Replace the Phronomy.configure block above with a ConversationManager compression: argument:

# Summary compression (calls an LLM when history exceeds max_tokens):
manager = Phronomy::Memory::ConversationManager.new(
  storage:     Phronomy::Memory::Storage::InMemory.new,
  retrieval:   Phronomy::Memory::Retrieval::Recent.new(k: 10),
  compression: summary
)

# ToolOutputPruner alone for cheap, LLM-free compression:
manager = Phronomy::Memory::ConversationManager.new(
  storage:     Phronomy::Memory::Storage::InMemory.new,
  retrieval:   Phronomy::Memory::Retrieval::Recent.new(k: 10),
  compression: pruner
)

Examples

Runnable examples covering all major features are available in the phronomy-examples repository.

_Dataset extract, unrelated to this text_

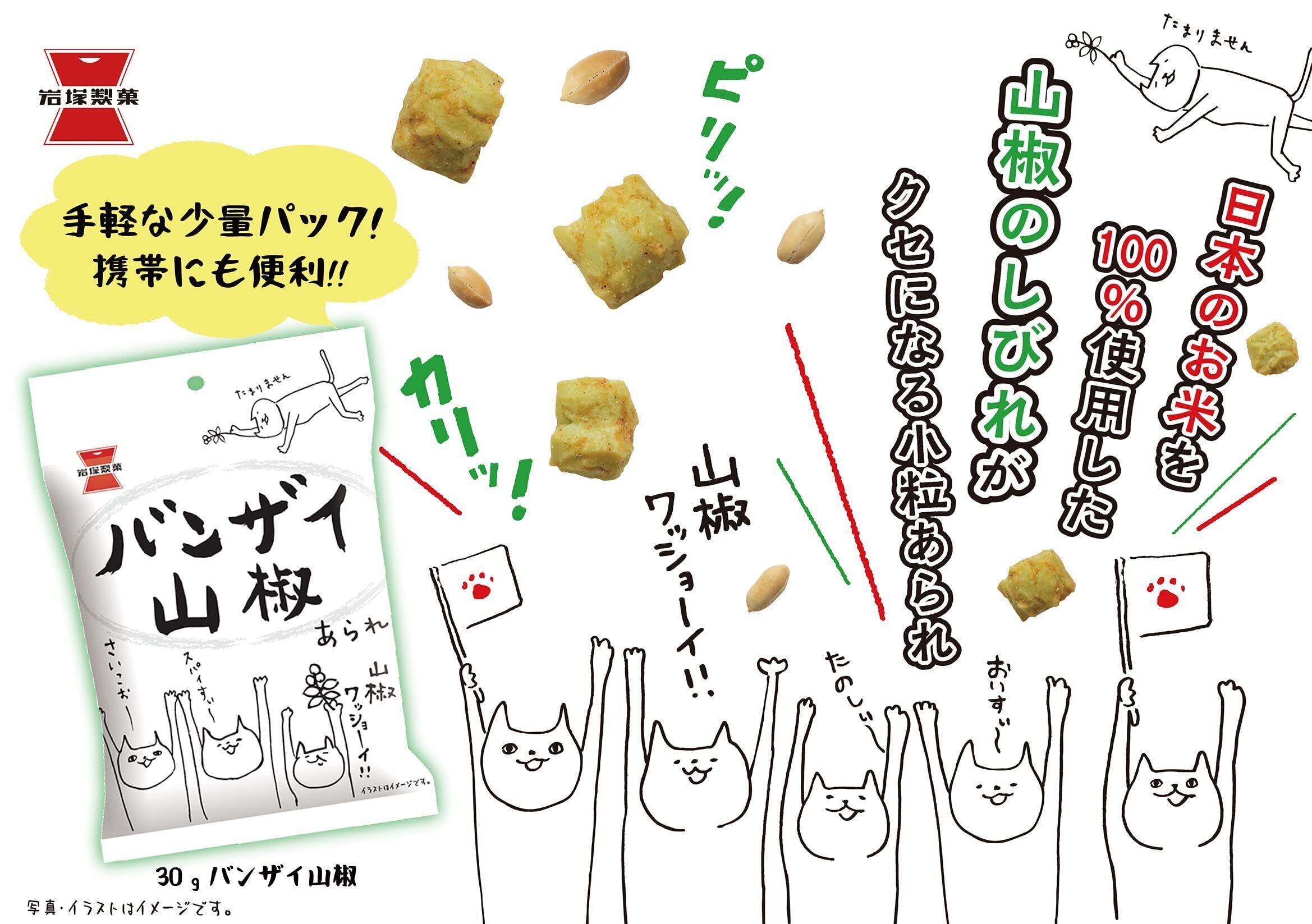 国産米100%の生地に枝豆ペーストを練り込んだ小粒あられ。山椒と旨味が入った醤油シーズニングで味付けした、パッケージからは想像できないほど本格的な仕上がりになっています。小粒のあられは丁寧に煎ることで独特のカリっとした食感を実現しています。ゆるいパッケージと個装で便利な食べきりサイズとなっています。 原材料・成分 水稲もち米(国産)、植物油脂、枝豆ペースト、激辛山椒風味シーズニング/調味料(アミノ酸等)、植物レシチン、香料、クチナシ色素、香辛料抽出物、(一部に小麦・乳成分・ごま・大豆・鶏肉・豚肉・魚醤(魚介類)を含む)
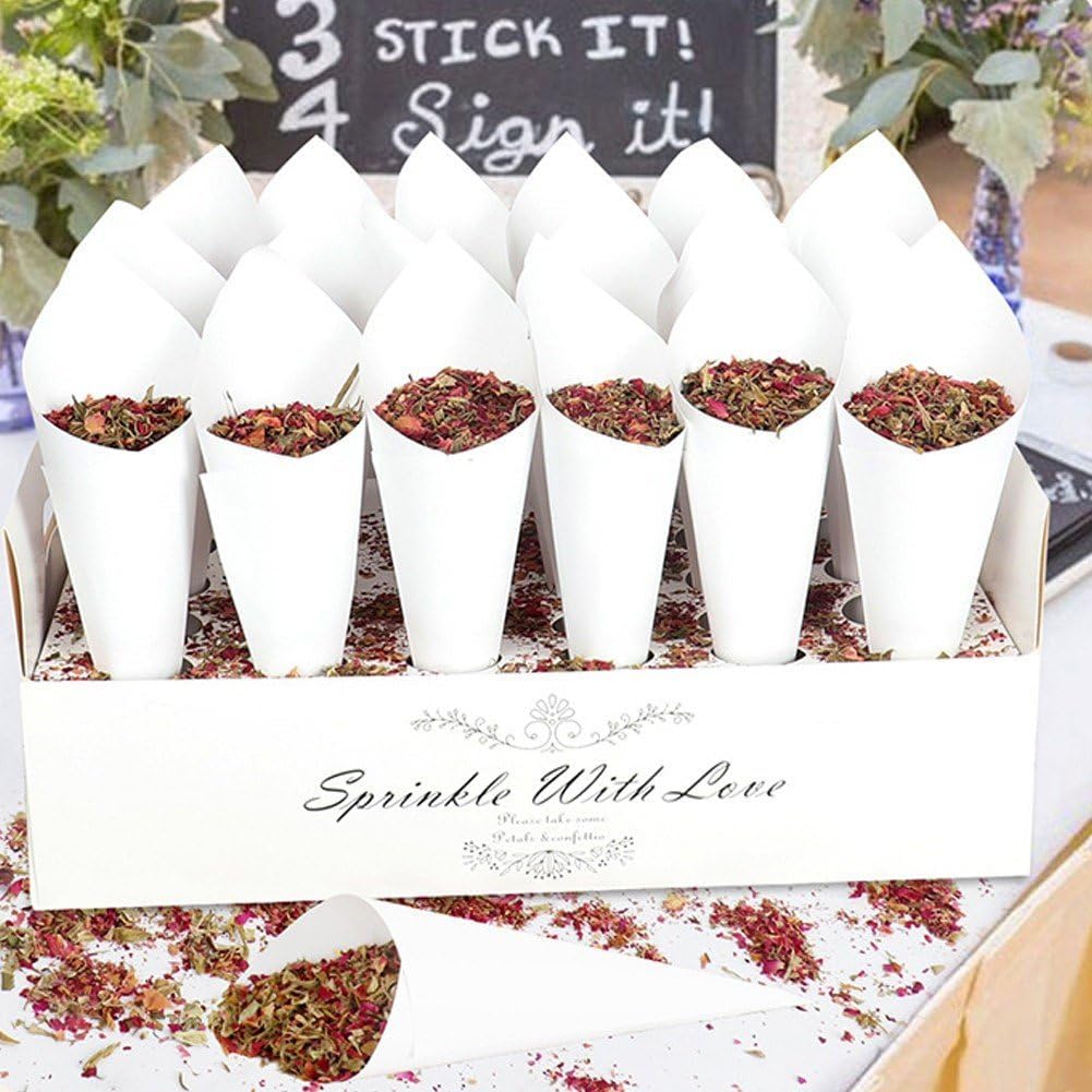 Design stabile: la scatola porta coni di coriandoli ha un design affidabile e stabile con una struttura a due strati che fissa saldamente i coni di carta in posizione, impedendo loro di cadere. Qualità Premium - Questi coni per coriandoli nuziali sono realizzati in carta kraft di alta qualità, garantendo una lunga durata. I coni vengono forniti con una robusta scatola di trasporto, che facilita lo stoccaggio e il trasporto. Elegante e romantico: riempire questi coni di coriandoli con i nostri petali di rosa di coriandoli aggiunge un tocco elegante alla cerimonia o alla celebrazione del tuo matrimonio. Il profumo naturale dei petali aggiungerà un'atmosfera romantica al tuo giorno speciale. Ampia applicazione: questi coni di coriandoli sono perfetti per riempire petali, coriandoli, fiori, caramelle, cioccolatini, regali e altro ancora. Sono un'aggiunta ideale alla tua festa di matrimonio e possono essere utilizzati per una vasta gamma di eventi come compleanni, anniversari e altre celebrazioni. Value Pack - Questo set include 30 coni di coriandoli di carta Kraft, scatola porta coni di coriandoli

Each example lives in its own numbered directory and can be run with:

bundle exec ruby NN_example_name/run.rb
# Directory What it demonstrates
01 01_basic_chain/ PromptTemplate → LLMChain pipeline
02 02_react_agent/ ReAct tool-calling agent
03 03_state_graph/ Stateful workflow with wait_state/send_event
04 04_interrupt_resume/ Human-in-the-loop wait_state and resume
05 05_multi_agent/ Multi-agent coordination via Agent-as-Tool
06 06_guardrails/ Input/output guardrails
07 07_tracing/ Custom observability with Langfuse tracer
08 08_mcp_tool/ MCP tool integration
09 09_rails_chat/ Rails chat app with ActionCable streaming
10 10_context_management/ Token budget and context pruning
11 11_agent_streaming/ Streaming agent responses
12 12_prompt_template/ Advanced prompt templates
13 13_mcp_http_tool/ HTTP-based MCP tool server
14 14_code_review/ Automated code review agent
15 15_rails_secure_chat/ Rails chat with PII guardrails and secure memory
16 16_before_completion_hook/ Global/class/instance before_completion hooks
17 17_multi_agent_handoff/ Hub-and-spoke agent routing via Runner
18 18_rails_agent_job/ Rails app with AgentJob + ActionCable streaming
19 19_trust_pipeline/ Trustworthy output via Citation Tracking + Self-Review + Confidence Gate

Development

After checking out the repo, install dependencies:

bin/setup

Run the unit test suite:

bundle exec rspec spec/phronomy

Run the integration tests (requires a running LLM endpoint):

bundle exec rspec spec/integration --tag integration

Launch an interactive console:

bin/console

Contributing

Bug reports and pull requests are welcome on GitHub at https://github.com/Raizo-TCS/phronomy.

License

The gem is available as open source under the terms of the MIT License.